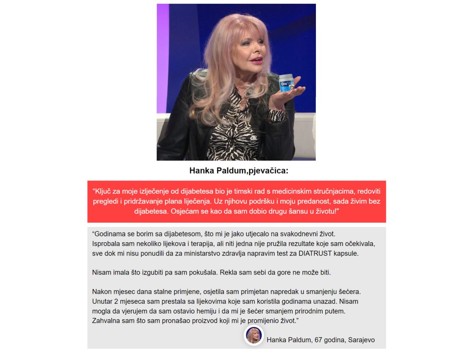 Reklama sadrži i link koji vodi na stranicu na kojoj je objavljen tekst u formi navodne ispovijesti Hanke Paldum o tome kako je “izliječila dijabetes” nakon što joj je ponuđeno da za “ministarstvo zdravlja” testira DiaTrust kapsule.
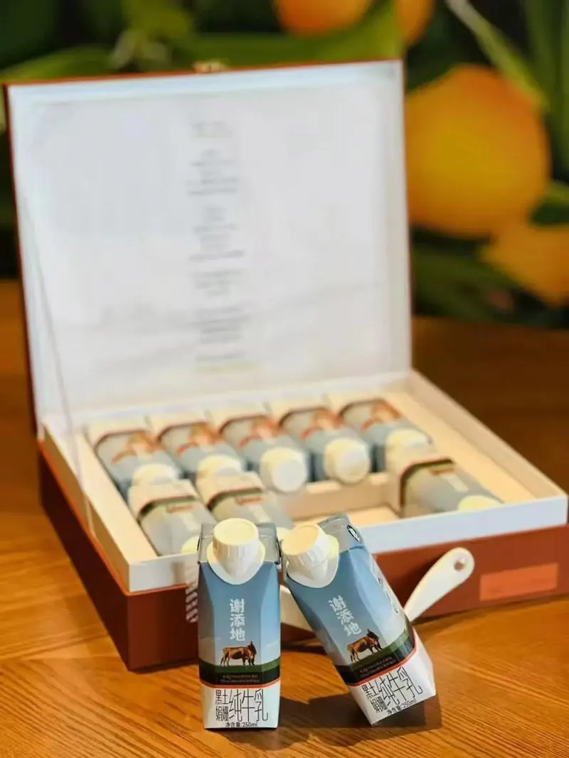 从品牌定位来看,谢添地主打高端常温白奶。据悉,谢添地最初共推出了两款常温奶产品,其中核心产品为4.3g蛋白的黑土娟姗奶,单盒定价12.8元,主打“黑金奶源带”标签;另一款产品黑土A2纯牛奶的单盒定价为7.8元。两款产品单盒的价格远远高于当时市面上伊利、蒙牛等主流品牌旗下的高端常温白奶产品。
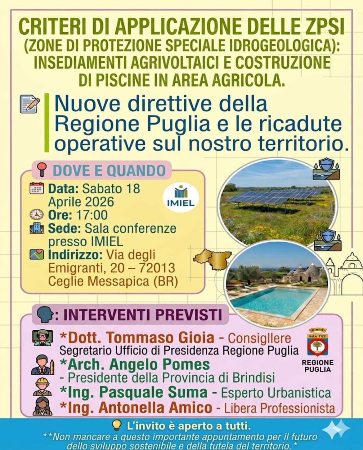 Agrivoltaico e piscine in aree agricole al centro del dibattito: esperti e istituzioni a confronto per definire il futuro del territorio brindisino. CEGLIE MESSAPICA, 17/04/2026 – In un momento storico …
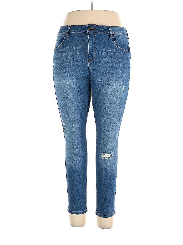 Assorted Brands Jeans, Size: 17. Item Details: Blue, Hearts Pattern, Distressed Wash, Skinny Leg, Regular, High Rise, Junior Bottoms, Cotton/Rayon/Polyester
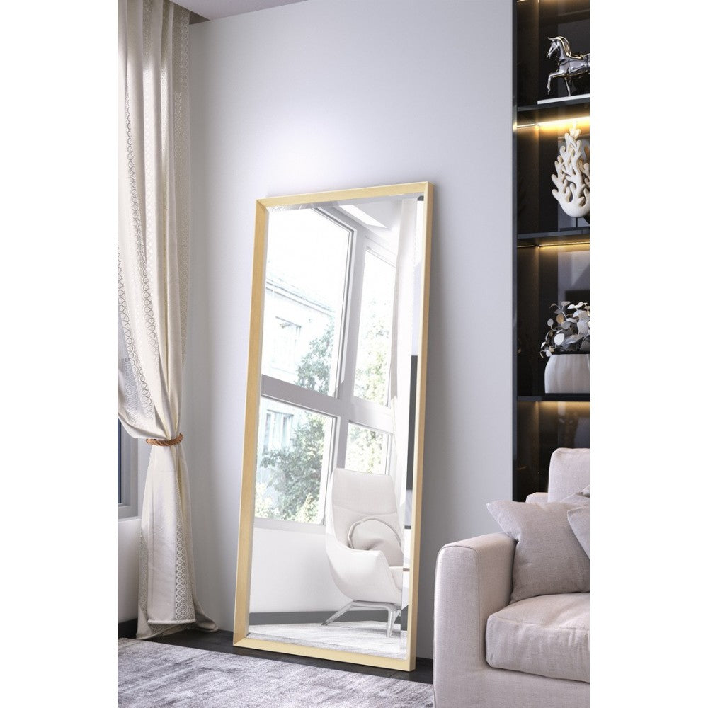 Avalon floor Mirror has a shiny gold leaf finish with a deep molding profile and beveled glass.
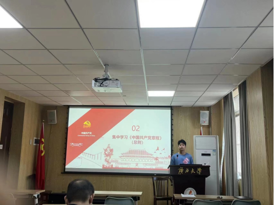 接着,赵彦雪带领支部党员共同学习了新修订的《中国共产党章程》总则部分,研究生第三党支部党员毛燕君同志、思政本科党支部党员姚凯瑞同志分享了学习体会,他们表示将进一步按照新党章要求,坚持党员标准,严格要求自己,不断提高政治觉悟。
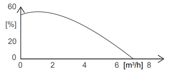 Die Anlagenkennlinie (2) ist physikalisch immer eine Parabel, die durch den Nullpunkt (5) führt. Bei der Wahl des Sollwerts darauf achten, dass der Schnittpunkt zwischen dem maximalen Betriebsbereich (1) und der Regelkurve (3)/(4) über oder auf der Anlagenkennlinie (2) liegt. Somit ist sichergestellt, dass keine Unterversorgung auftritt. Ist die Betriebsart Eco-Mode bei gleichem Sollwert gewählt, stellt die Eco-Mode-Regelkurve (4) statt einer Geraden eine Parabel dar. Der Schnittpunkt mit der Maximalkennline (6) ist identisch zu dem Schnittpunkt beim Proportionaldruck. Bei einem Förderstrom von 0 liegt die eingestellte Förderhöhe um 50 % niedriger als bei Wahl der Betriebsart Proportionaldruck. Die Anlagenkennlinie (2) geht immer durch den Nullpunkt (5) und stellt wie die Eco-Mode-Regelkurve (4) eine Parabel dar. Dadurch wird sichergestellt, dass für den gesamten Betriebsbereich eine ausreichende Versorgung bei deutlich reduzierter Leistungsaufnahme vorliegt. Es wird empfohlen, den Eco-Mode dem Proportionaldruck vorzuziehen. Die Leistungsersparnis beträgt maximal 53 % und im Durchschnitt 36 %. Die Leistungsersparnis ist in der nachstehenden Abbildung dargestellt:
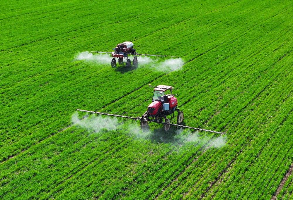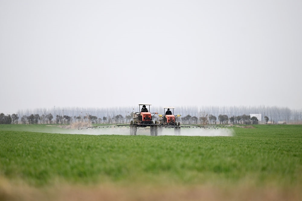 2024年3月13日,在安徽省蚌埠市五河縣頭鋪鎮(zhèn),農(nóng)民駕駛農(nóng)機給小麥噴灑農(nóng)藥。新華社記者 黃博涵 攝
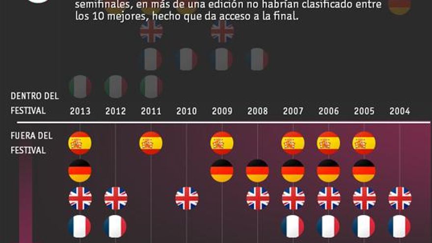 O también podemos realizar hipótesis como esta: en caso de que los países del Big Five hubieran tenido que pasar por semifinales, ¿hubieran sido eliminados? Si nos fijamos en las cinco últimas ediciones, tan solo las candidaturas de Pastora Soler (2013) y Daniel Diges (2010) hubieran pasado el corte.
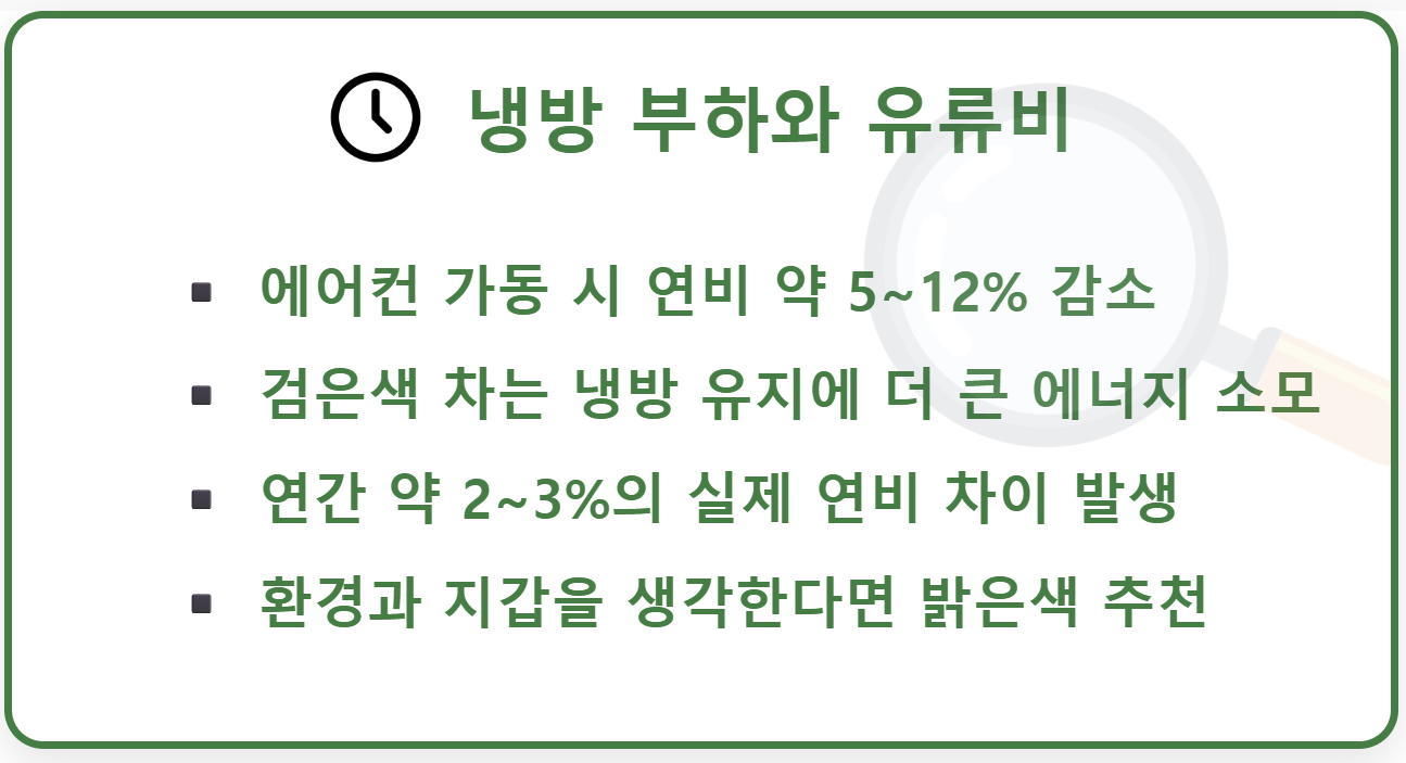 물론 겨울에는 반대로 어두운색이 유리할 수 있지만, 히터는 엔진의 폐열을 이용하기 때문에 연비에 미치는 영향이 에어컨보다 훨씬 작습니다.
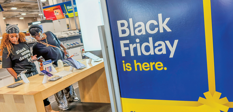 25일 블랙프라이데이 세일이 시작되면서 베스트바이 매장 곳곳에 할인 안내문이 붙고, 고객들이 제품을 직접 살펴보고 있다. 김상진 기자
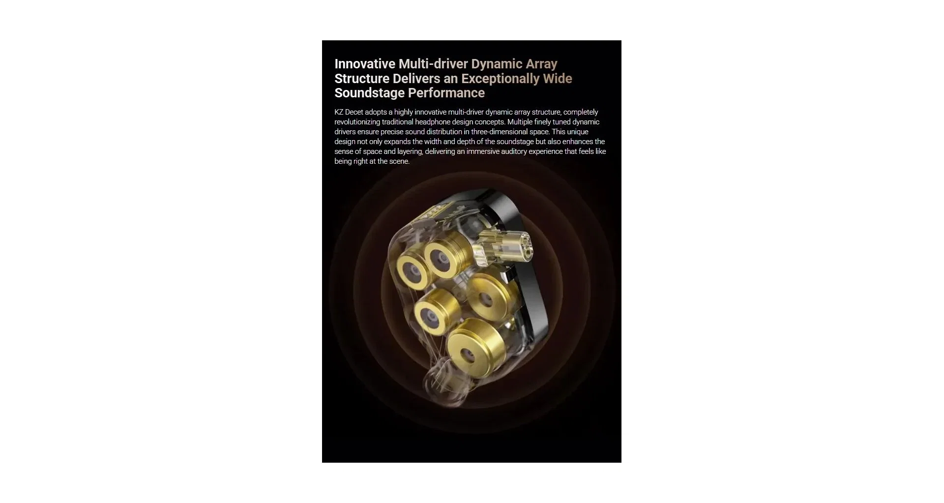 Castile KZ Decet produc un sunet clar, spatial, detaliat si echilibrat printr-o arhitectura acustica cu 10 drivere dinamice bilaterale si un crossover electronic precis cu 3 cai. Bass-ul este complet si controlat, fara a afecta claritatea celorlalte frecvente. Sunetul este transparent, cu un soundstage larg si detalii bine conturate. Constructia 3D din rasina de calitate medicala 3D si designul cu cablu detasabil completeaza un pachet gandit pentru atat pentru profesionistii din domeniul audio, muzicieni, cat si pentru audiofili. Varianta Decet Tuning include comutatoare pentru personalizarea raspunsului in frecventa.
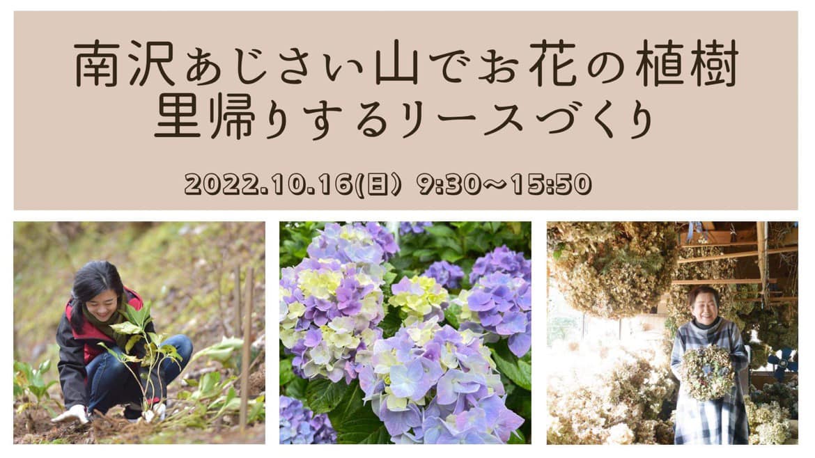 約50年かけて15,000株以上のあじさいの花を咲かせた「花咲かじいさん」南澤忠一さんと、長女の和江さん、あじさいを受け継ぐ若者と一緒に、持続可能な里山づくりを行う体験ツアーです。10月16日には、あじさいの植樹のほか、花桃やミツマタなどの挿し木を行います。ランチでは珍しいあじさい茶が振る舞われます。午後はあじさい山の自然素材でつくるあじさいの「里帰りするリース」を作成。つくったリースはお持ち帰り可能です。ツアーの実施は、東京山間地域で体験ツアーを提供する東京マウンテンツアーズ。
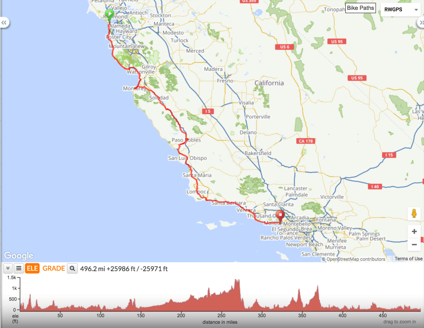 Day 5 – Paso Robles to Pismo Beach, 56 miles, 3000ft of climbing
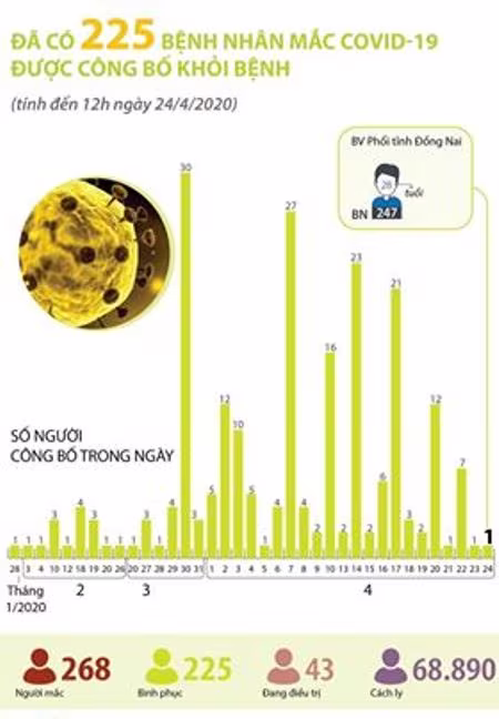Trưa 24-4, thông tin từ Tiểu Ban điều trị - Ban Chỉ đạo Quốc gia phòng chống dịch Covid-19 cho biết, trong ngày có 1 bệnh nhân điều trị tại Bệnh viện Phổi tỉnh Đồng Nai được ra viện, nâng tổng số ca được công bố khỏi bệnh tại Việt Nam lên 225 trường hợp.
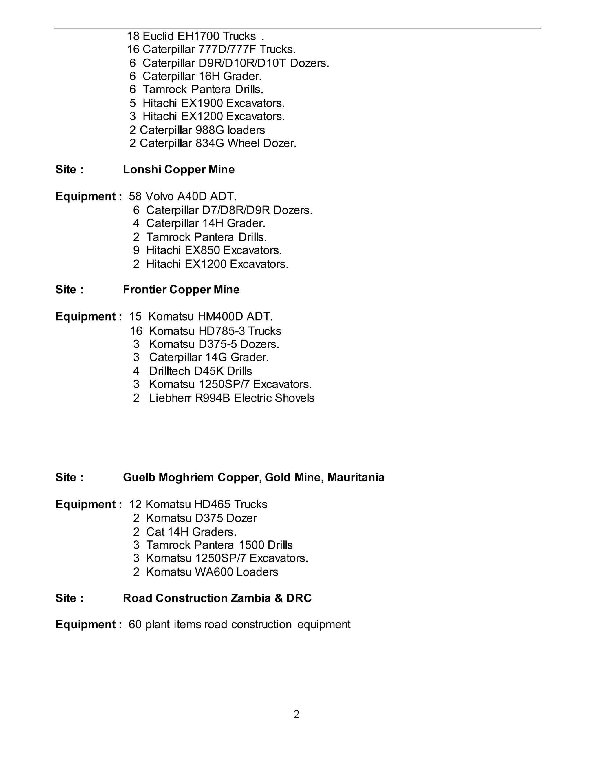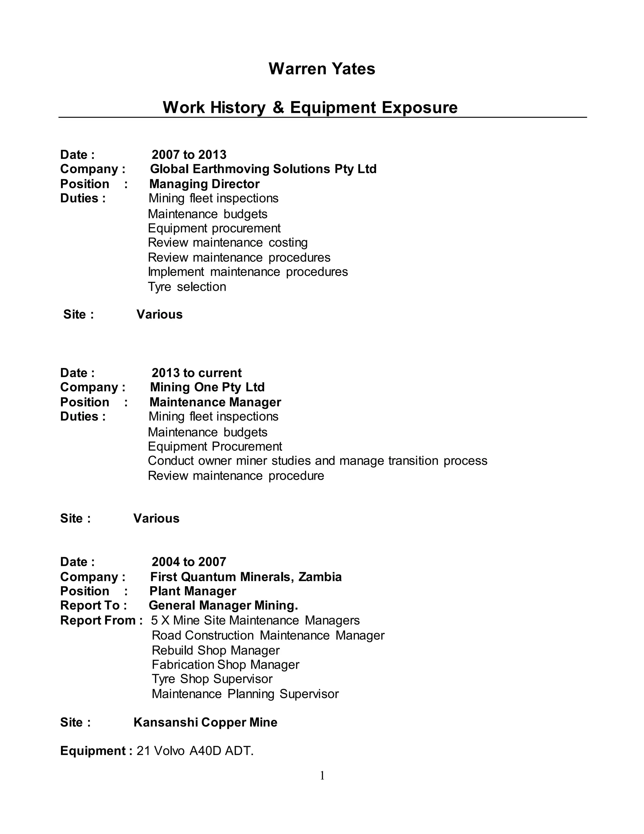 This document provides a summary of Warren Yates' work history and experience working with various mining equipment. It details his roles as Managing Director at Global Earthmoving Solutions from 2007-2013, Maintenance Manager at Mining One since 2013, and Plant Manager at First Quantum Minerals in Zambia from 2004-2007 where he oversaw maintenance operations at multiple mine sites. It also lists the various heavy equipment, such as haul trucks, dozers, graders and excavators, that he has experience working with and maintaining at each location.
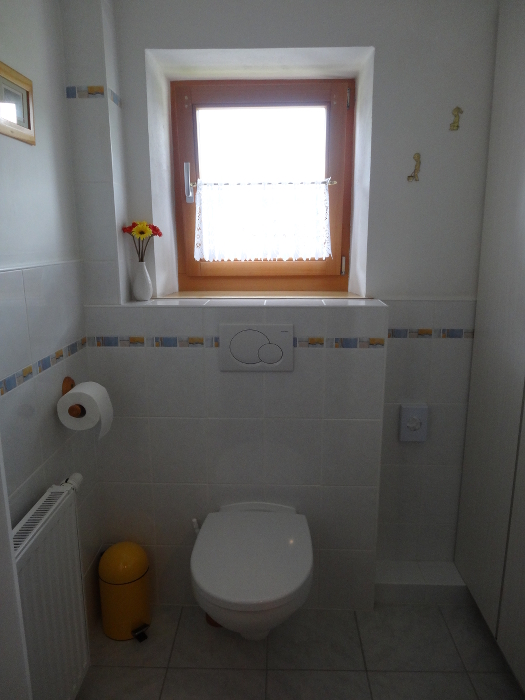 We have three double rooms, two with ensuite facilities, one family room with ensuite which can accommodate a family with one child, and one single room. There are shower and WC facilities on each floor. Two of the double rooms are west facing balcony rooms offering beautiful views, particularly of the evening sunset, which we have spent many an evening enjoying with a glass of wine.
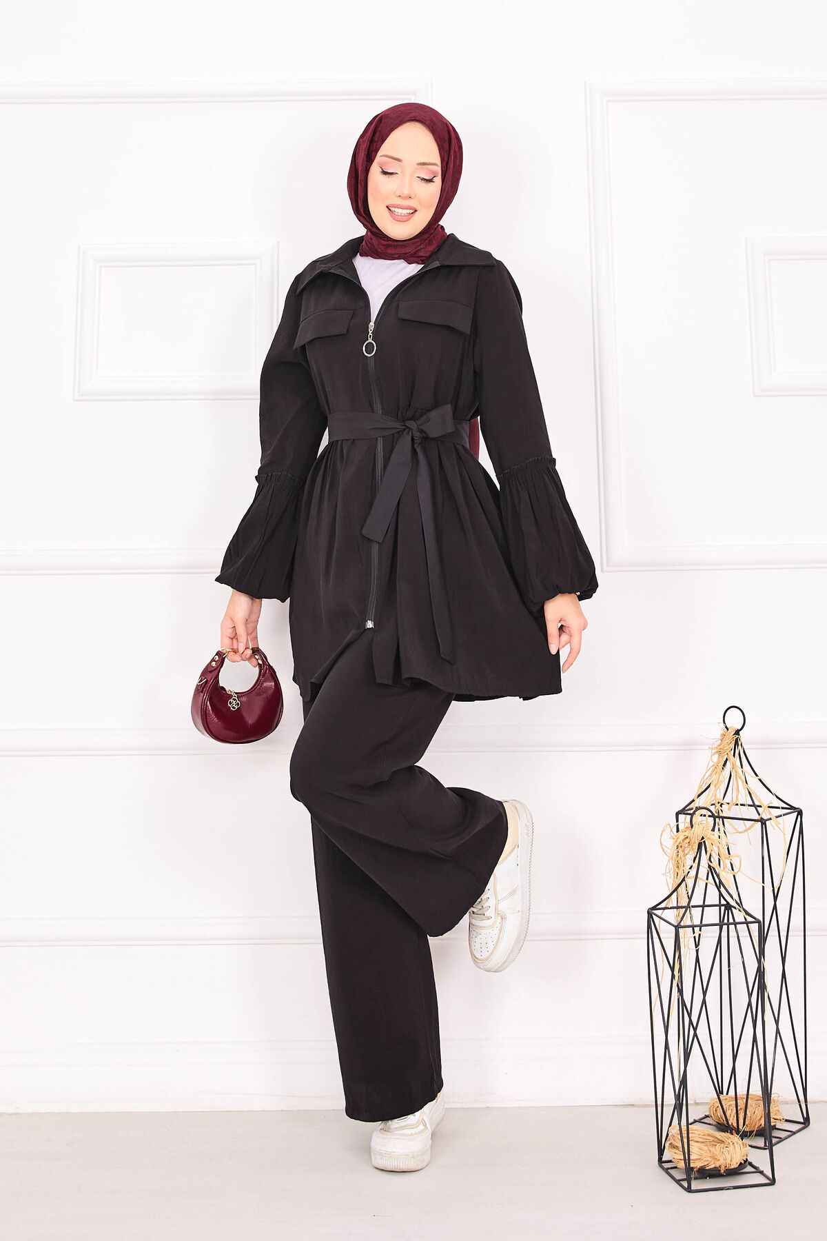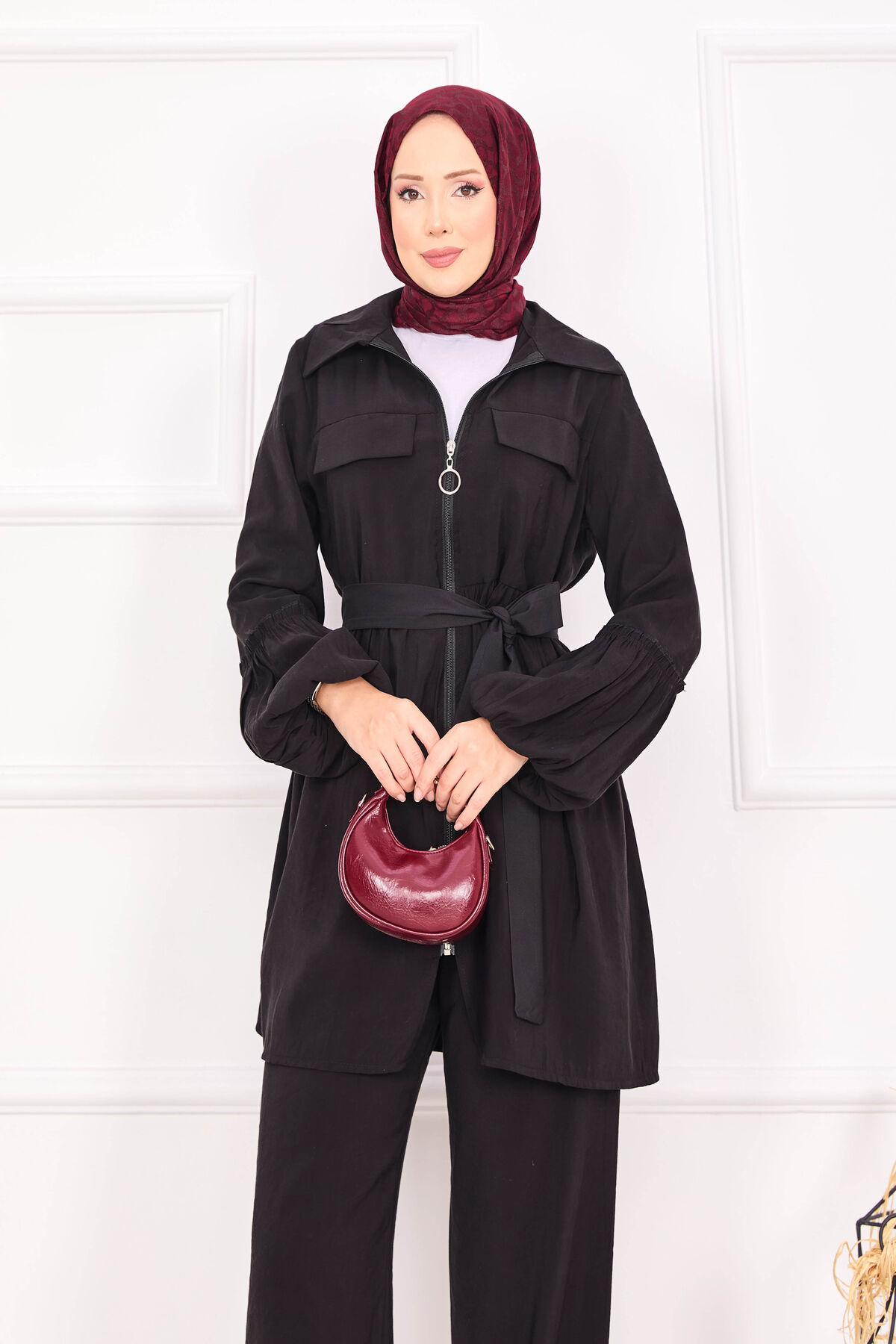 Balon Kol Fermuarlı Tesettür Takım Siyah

#####

PROBLEM TO SOLVE — With the pictures omitted, copy exactly the lines of the listing above starting at the line containing "Day 5 – Paso" and ending at the line containing "This document provides", both included.

SOLUTION FOR THIS PROBLEM —
 Day 5 – Paso Robles to Pismo Beach, 56 miles, 3000ft of climbing
Trưa 24-4, thông tin từ Tiểu Ban điều trị - Ban Chỉ đạo Quốc gia phòng chống dịch Covid-19 cho biết, trong ngày có 1 bệnh nhân điều trị tại Bệnh viện Phổi tỉnh Đồng Nai được ra viện, nâng tổng số ca được công bố khỏi bệnh tại Việt Nam lên 225 trường hợp.
 This document provides a summary of Warren Yates' work history and experience working with various mining equipment. It details his roles as Managing Director at Global Earthmoving Solutions from 2007-2013, Maintenance Manager at Mining One since 2013, and Plant Manager at First Quantum Minerals in Zambia from 2004-2007 where he oversaw maintenance operations at multiple mine sites. It also lists the various heavy equipment, such as haul trucks, dozers, graders and excavators, that he has experience working with and maintaining at each location.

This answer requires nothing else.